Friday, November 16, 2007

putting the "bodily functions" back into "blog"

First of all, the requisite cuteness:

Just look at that 'tude!


Pigtails!


Now, to the business at hand:
Last weekend I was on call. Fact: being on call sucks on it's own.
I soon discovered that I had eaten something that my body really didn't like. I mean, REALLY. So much so, that...well, to spare you the details, let us say that said food was going to find it's way out of me by any means necessary. Wow...I so badly want to get into the nitty gritty details, but I'll save that for an email to specific parties so as to spare my grandparents and/or business relations that may, or may not, peruse this blog from time to time. [a propos: the other day I spoke with a canadian woman who spoke french with that elusive quebec accent. She said the french version of "from time to time" which is, oddly enough, "de temps en temps." Frenchy Frenchies say it like this: "deu tawns on tawn," but with her funny quebecian accent it came out "day tans ahn teh." Well sort of. Call me, I'll speak it for you.] So...(can't believe I didn't start this post with that) it was a rough evening. Fortunately some kind soul took pity on my and scored me some Reglan (metoclopramide) and I felt better...eventually.

Gross bodily function story numero dos:
I was "scrubbed in," as they say, to a surgery the other day, which means that they had run out of tables in the operating room and I had to crouch on the ground and the patient was lain across my back for the duration of the procedure. [joke] When one is scrubbed in, one is not allowed to touch anything outside of the "sterile field." Unfortunately one's masked face is outside the sterile field. This becomes troublesome when one has an itch, or say, when one's glasses slide off of one's face because one's daughter has stretched the bejeebers out of them. So this particular time, somebody told a joke and I let out my level IVa laugh which is simply a snort of air from the nostrils. Little did I know that a snot rocket had just finished it's pre-flight checklist and was ready for launch. Thus, I laughed a hunk of snot onto my, thankfully mask-covered, upper lip.

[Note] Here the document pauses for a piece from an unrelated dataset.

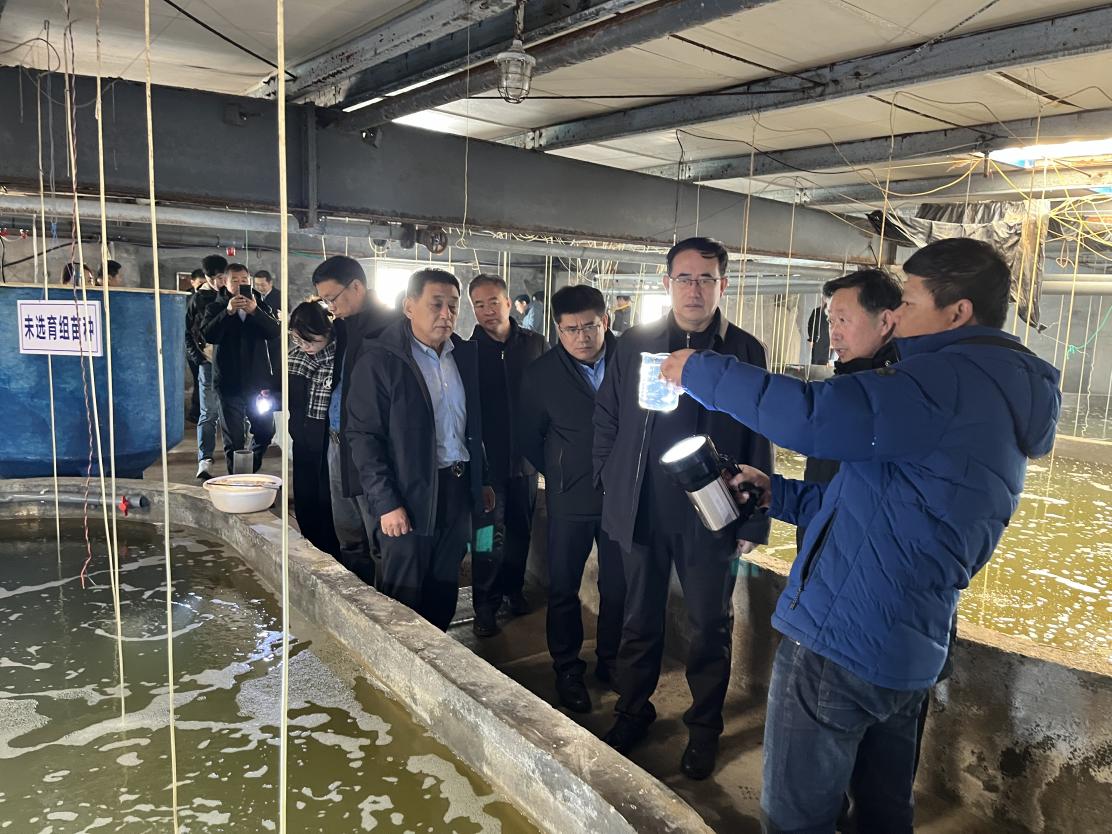 活动现场 黄学东副局长、张光军副县长等陪同张猛书记和温海深副院长一行首先来到利津双瀛水产苗种有限公司,参观花鲈亲鱼养殖车间和花鲈苗种培育车间,着重调研了花鲈亲鱼选育情况和2023年苗种生产情况。双瀛苗种公司与中国海洋大学鱼类繁殖生理与种子工程实验室合作已有12年,在学院的科技助力下,公司现已经形成每年2100万尾的花鲈育苗规模,成为我国北方最大的花鲈工厂化人工繁育基地,获得“利津鲈鱼”国家地理标志产品,荣获“国家高新技术企业”“利津花鲈省级良种场”“山东省重点龙头企业”等称号。

But of course, I couldn't reach up and do anything about it, so I was forced to let it slowly slide and slither down along the crest of my lip and around to my chin before it nestled itself squarely on the chin-mask junction. 20 minutes later when the case finally ended I wrested the mask/snot complex from my disgusting face.

I am post-call right now. Prolly (R)* going to regret telling this story.


P.s. My brother has a car?!? What's next? A mustache? Done and Done.

*A registered trademark of Garcorp.

3 comments:

gar hole said...

i LOL'd! good work!

-gar

p.s. don't actually read my blog, urrybody*.

The Watty's said...

Great steamin' greenie story! Your wit and creativity never end. Yes, I read blogs from time to time. Actually started one myself. You three look great! Tell fam hello.

Mister said...

Great story. Peg gave me the link to your blog.